Editor’s Letter
Ayear has passed since, in a Rome on the verge of lockdown, I first noticed how many people were wearing facemasks. To me at the time, on holiday from a country that had registered but a handful of Covid cases, it felt like an overreaction; but a few months later, when compulsory maskwearing in shops and other venues was introduced in the UK, it no longer did. More than six months on from that, most of us have grown into our masks. Leaving the house without one these days would feel like stepping out without your keys or wallet – or worse, without any clothes on.
For the artist Gillian Wearing, who Martin Herbert interviews in this issue, all of us presented masks to the world long before fabric face coverings became obligatory (see Feature, pp. 34–39). Wearing’s work has often come at how we construct our identities, and perhaps particularly our visual appearance, through images that advertise how she might have constructed her own – as was so wittily shown in the exhibition that paired her up with Claude Cahun at the National Portrait Gallery in 2017. In this context, the concept of being masked is a type of freedom, writes Herbert, which gives a person scope to play whichever role they wish to in public. What’s not so easy to control, of course, is how others will construe the mask that you’ve chosen.
Artists surprise us. Wearing did so with a series of painted self-portraits, shown last autumn at Maureen Paley in London between periods of national lockdown, in which she ostensibly unmasked herself. With the directness of their observation and their medium – at least those in watercolour, a method so firmly associated with sincerity – these seemed more candid than the works that have won her acclaim, as well as true to the psychological pressures of the times. But all is not as it seems: in one oil painting, Wearing portrays herself in the type of prosthetic mask she often wears in her photographic work. For me, the complex honesty of this suite of paintings, in relation to Wearing’s earlier career, makes for extraordinarily moving images. In terms of art made in the past year that admits to the pandemic, it is the most eloquent work that I have seen.
There is escapism on the cover this month, with a showstopping self-portrait by Doris Zinkeisen, an artist and designer who (among other things) created sets for plays by Noël Coward. Coward’s milieu, too, was a world of masks, in its attachment to surface glamour and the sense that, for all the fun, everyone was constantly putting on a brave face (see Feature, pp. 46–50, and look out for the wonderful photograph of a zombie-like chorus wearing masks designed by Oliver Messel). I hope that an exhibition on Coward and his circle at the Guildhall Art Gallery in London, scheduled to open this spring, will not be knocked off course by Covid. We could all do with some decadence right now. They ought to sell velvet face masks.

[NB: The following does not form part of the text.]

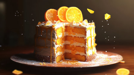 Orange cake and cream. Healthy Layered Orange Cake. Homemade bakery concept for birthday cake or valentine dessert.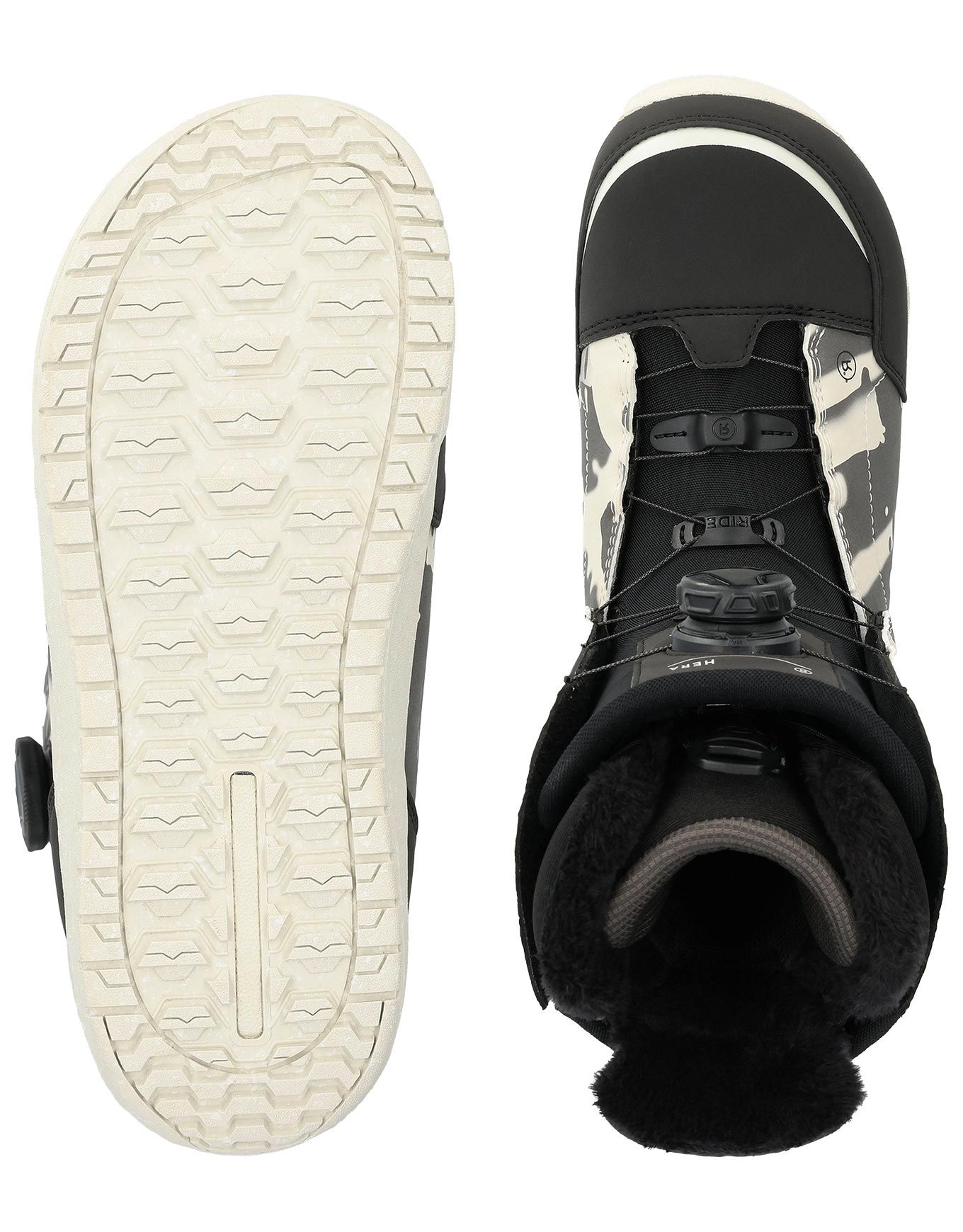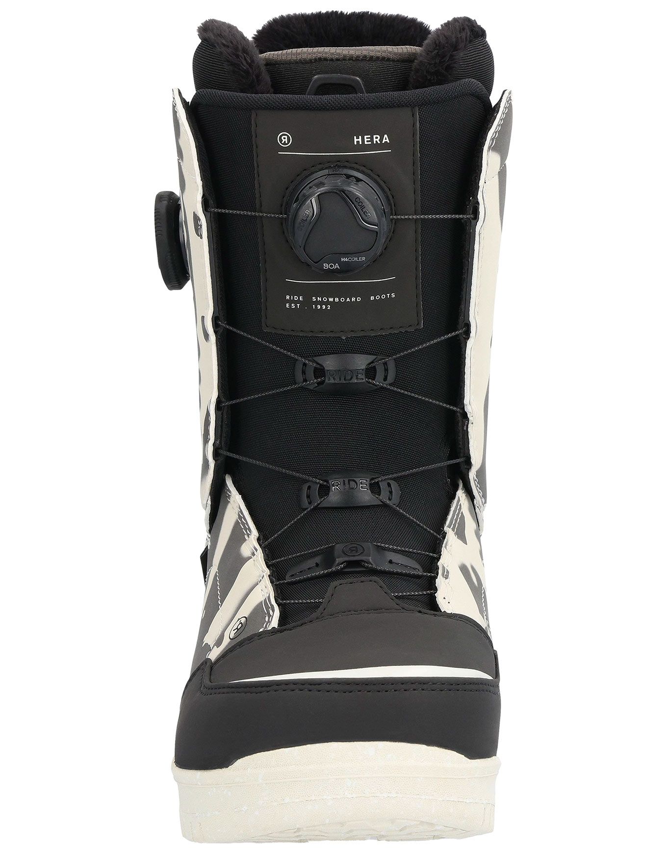 Boot de snowboard all-mountain Ride Hera pour femmes confirmées : serrage BOA H4, chausson Intuition, maintien talon Tongue Tied, semelle Jade Plus et régulation thermique pour confort et précision maximale.

I have written here before about the bittersweet privilege of visiting near-empty museums last summer, of the pleasure of standing in front of art but the rather melancholy feeling of not encountering other people. Mark Pimlott’s review of ‘Art on Display 1949–69’, an exhibition that revisits innovative museum designs from the postwar period, reminds us that the interactions between people are as integral to how we experience museums as the private meetings they allow us with works of art (see Review, pp. 76–77). In the UK, museums are finally gearing up to reopen. See you at the masked ball.